◆ WORK ORDER
From the entries below, write out exactly the lines between the line holding "Jess' ultimate trio" and the line holding "Mama hat mich", inclusive, excluding any pictures.

◆ Extracted data entries
%%

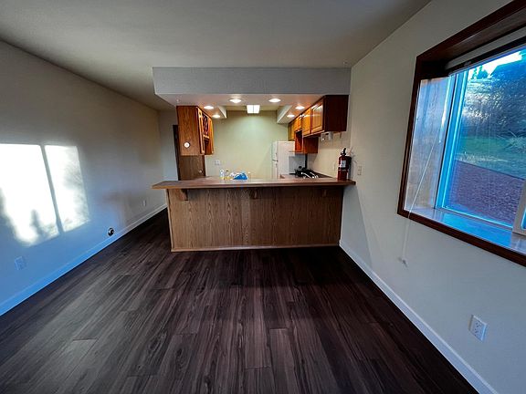 Living room with fireplace and water view and an indoor garage space included. Tenant uses the side entrance through the garage to the apartment. There is a summer Kitchen with slow cooker as cooking source only. Microwave is allowed. No hot plate and no induction stove are allowed. Other appliance maybe allowed upon approval. No laundry- laundromat is 10 minutes drive away. Rent includes Wireless internet, electricity, gas, heat, trash and recycle The rate is for one person only. No smoke. Need W2 income with good credit. No short term lease. At least 1 year. Income to debt ratio less than 30%. There will be $45 credit check fee. Not accepting reusable credit report.
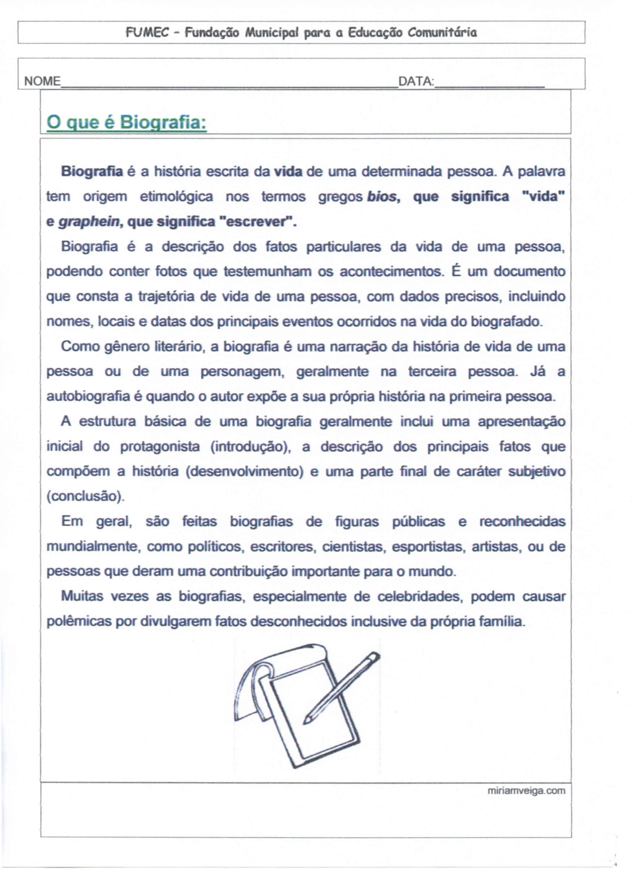Dia Internacional da Mulher-EJA-3 – BO que é Biografia. Atividade do Dia Internacional da Mulher para EJA que aborda a biografia de Chiquinha Gonzaga e descreve o que é uma biografia.
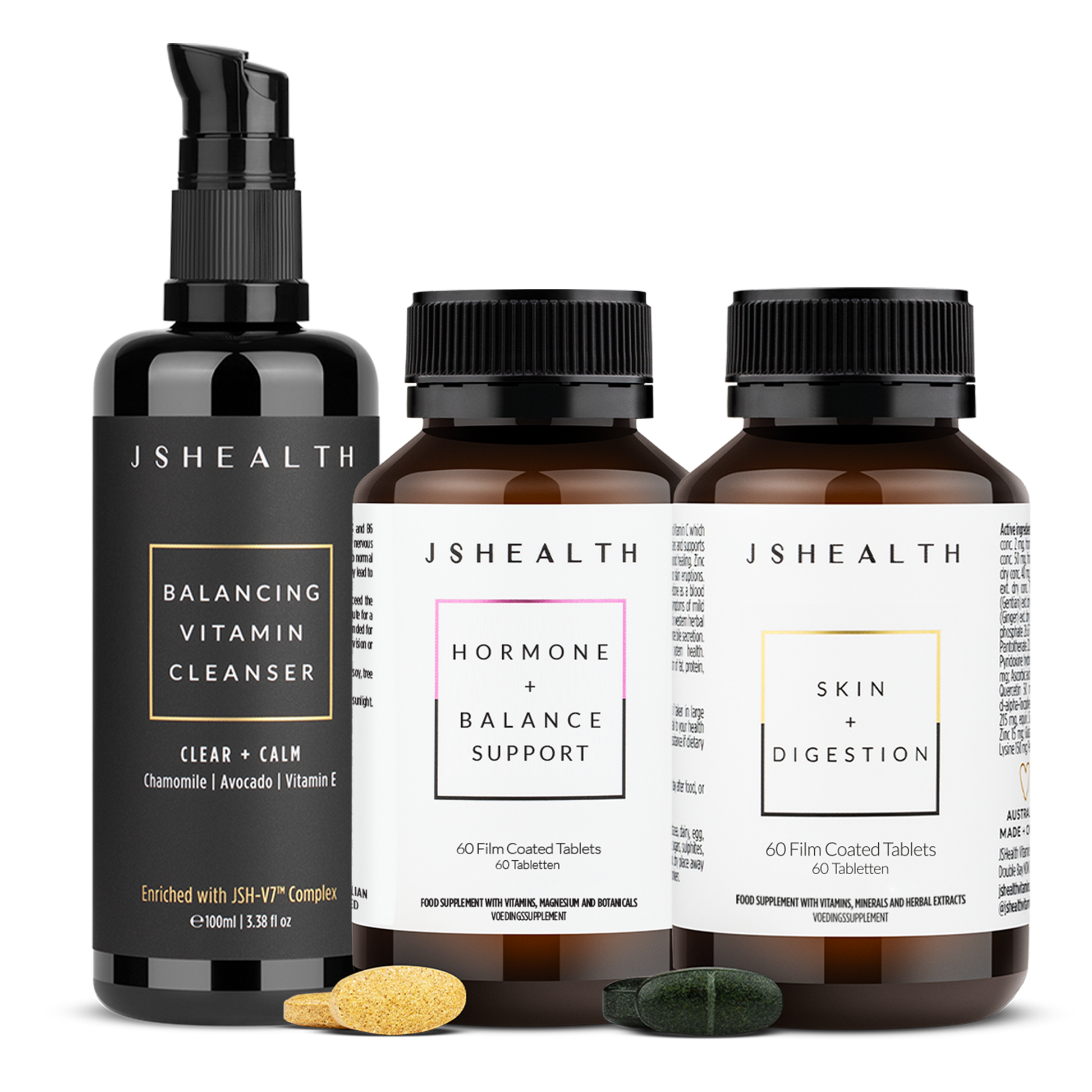 Jess' ultimate trio for gut/skin care and month-round support. Our Glow + Flow Trusted Trio contains the Skin + Digestion and Hormone + PMS formulas, along with the Balancing Vitamin Cleanser.
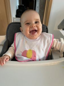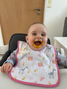 Mama hat mich mal wieder beim Essen und beim Schlafen fotografiert. So sieht übrigens mein Essen aus – natürlich erst püriert. Das meiste landet auch bei mir im Mund.
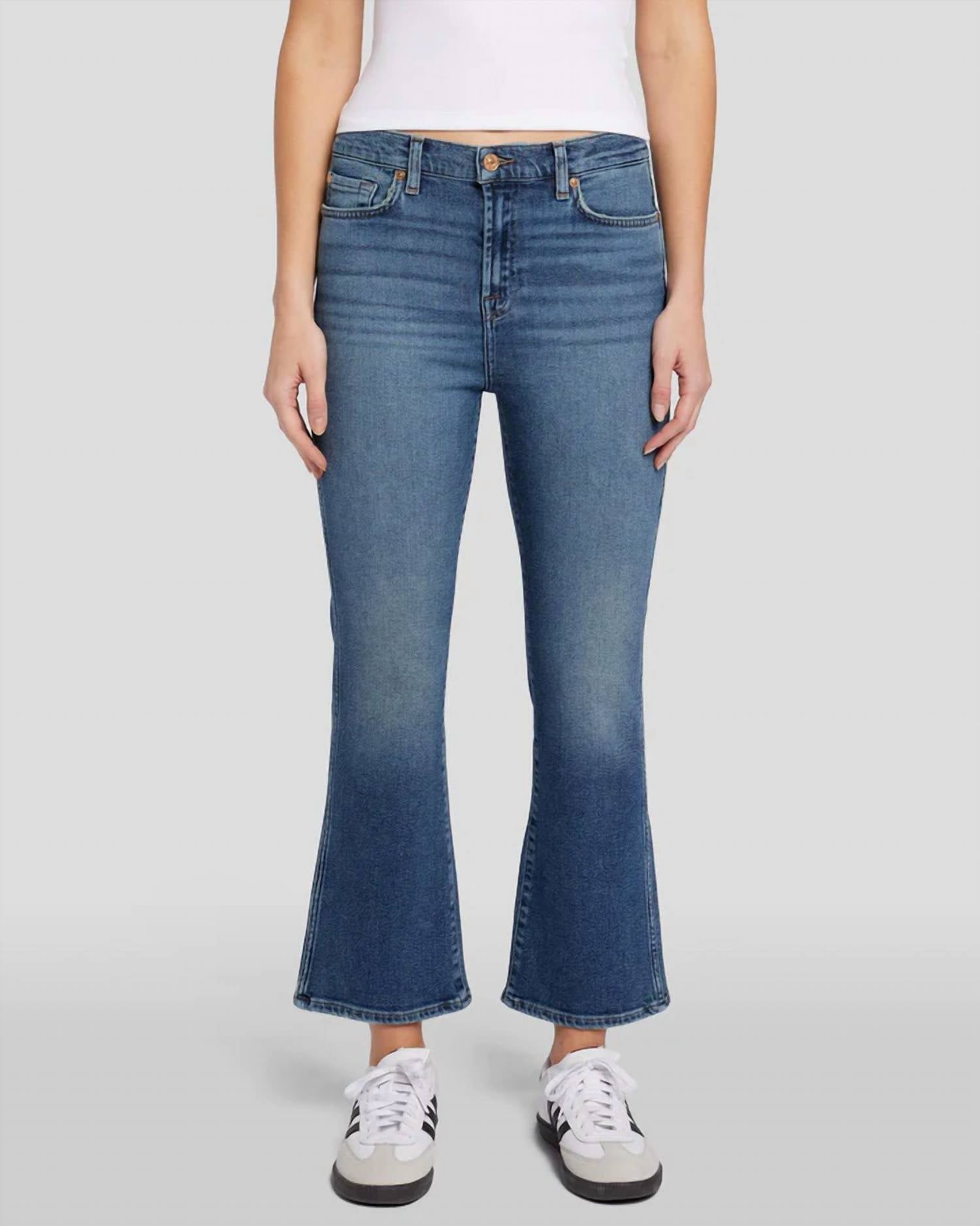 We especially love this cropped jean with a cute pair of slides or sandals. Elevate your style with the High Waist Slim Kick Jeans by 7 For All Mankind. Designed with a chic cropped kick-flare silhouette, these high-rise jeans feature a button closure and are expertly crafted from Luxe Vintage denim, a blend comprising 81% Cotton, 13% Modal, 5% Elastomultiester, and 1% Elastane. The deep blue tie-dye wash in 'Sea Level' adds a polished touch to any outfit. Care for these jeans by machine washing cold inside out with like colors and laying flat to dry. Made and imported.
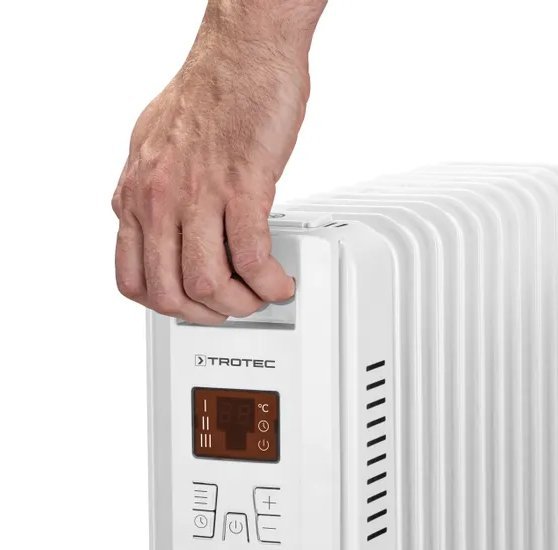 Ieškote būdo kaip papildomai sušildyti patalpas? Elektrinis tepalinis radiatorius Trotec TRH 26 E gali tai padaryti! Kompaktiško dydžio ir klasikinio dizaino tepalinis radiatorius turi 3 šildymo lygius ir 2500 vatų šildymo galią. TRH 26 E modelio radiatorius maksimaliai sušildo iki 30 m² arba 75 m³ dydžio patalpose vos per 8 minutes! Praktiškas nuotolinio valdymo pultas ir 12 valandų laikmačio funkcija užtikrina papildomą patogumą. Modernus LED ekranas parodo iš anksto nustatytą norimą kambario temperatūrą. Šis elektrinis tepalinis radiatorius sušildys Jūsų gyvenamas patalpas, vonios kambarius, laisvalaikio zonas, garaže, rūsyje ir t.t.
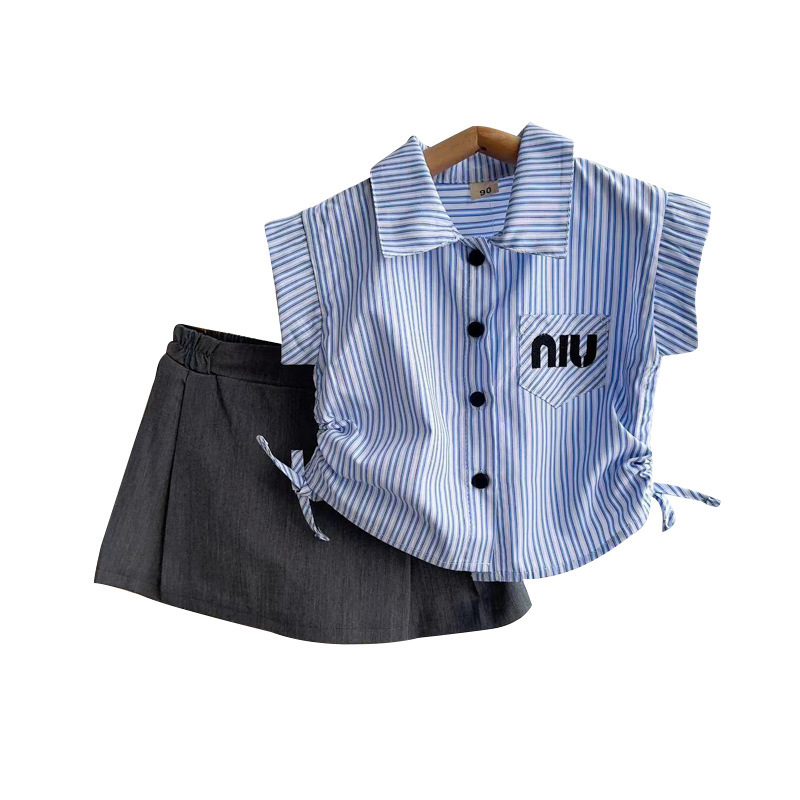 新品女童半身裙套装夏季新款美式学院风条纹衬衫短裙2025两件套
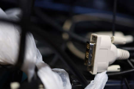 Close-up of a computer cable connector. Macro photo. High quality photo
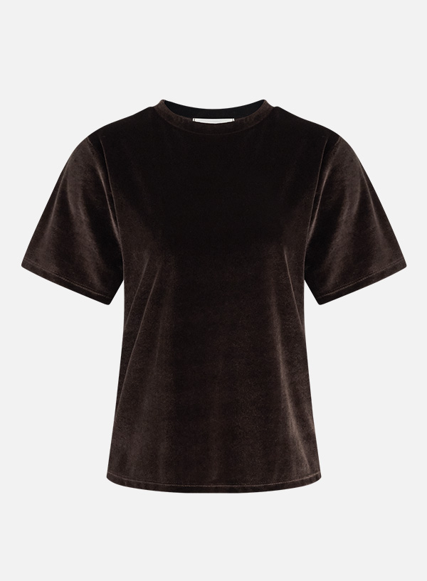 은은한 광택의 벨벳 텍스처가 돋보이는 하프 티셔츠입니다.
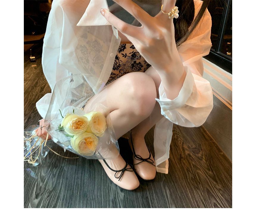 Contrast Trim Ribbon Ballet Flats
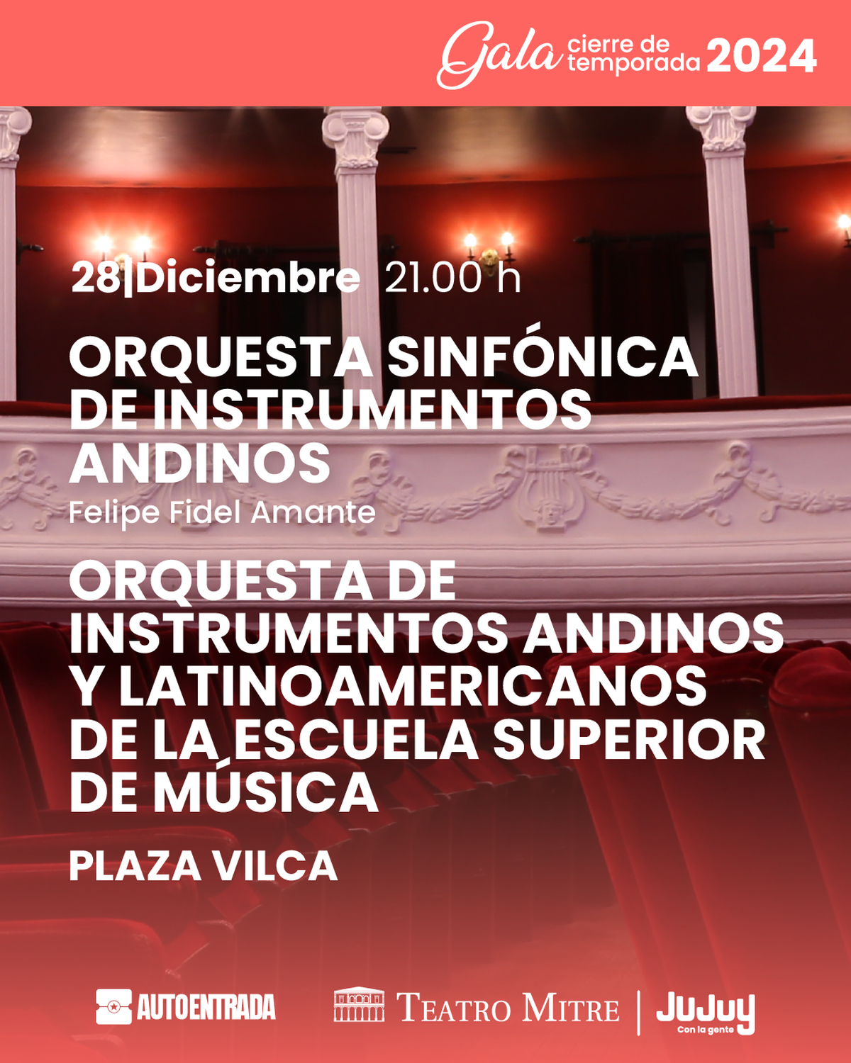 Hasta el lunes 30 de diciembre, el calendario de eventos propuestos para el cierre del año 2024, continúa con una serie de eventos musicales y artísticos que pueden ser consultados en www.agendaculturaljujuy.com
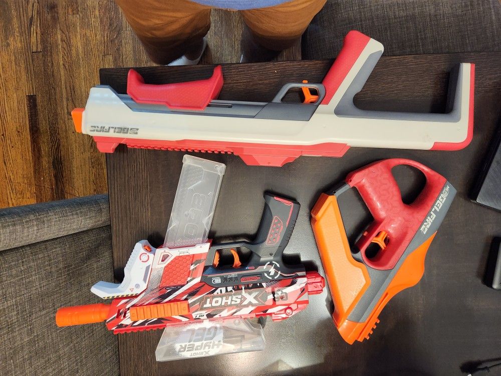 X shot needs battery recharge Small nerf needs bootle for bullets Big gun needs bottle. Selling all together for cheapest price ever 22$ I m shipping it
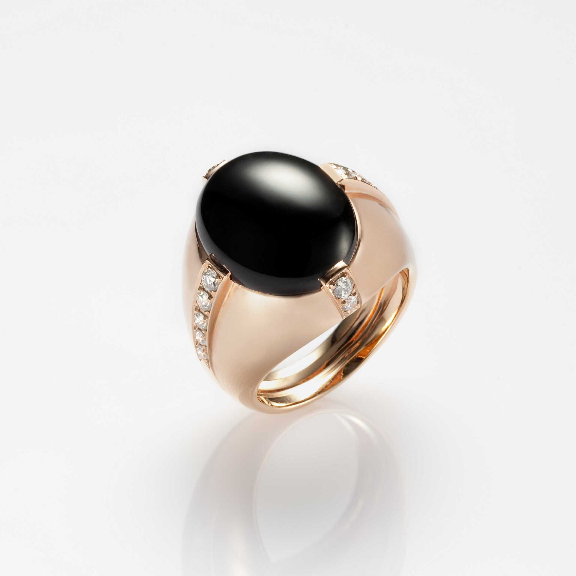 黑白雙戒,以飽滿的蛋面形制,搭配精緻的戒台設計工藝,不論主石與戒身的比例,亦或是鑽石、紅寶的嵌飾,皆能窺得其中的經典風采與細膩時尚氣味。

%%

◆ EXERCISE OUTPUT
 Jess' ultimate trio for gut/skin care and month-round support. Our Glow + Flow Trusted Trio contains the Skin + Digestion and Hormone + PMS formulas, along with the Balancing Vitamin Cleanser.
 Mama hat mich mal wieder beim Essen und beim Schlafen fotografiert. So sieht übrigens mein Essen aus – natürlich erst püriert. Das meiste landet auch bei mir im Mund.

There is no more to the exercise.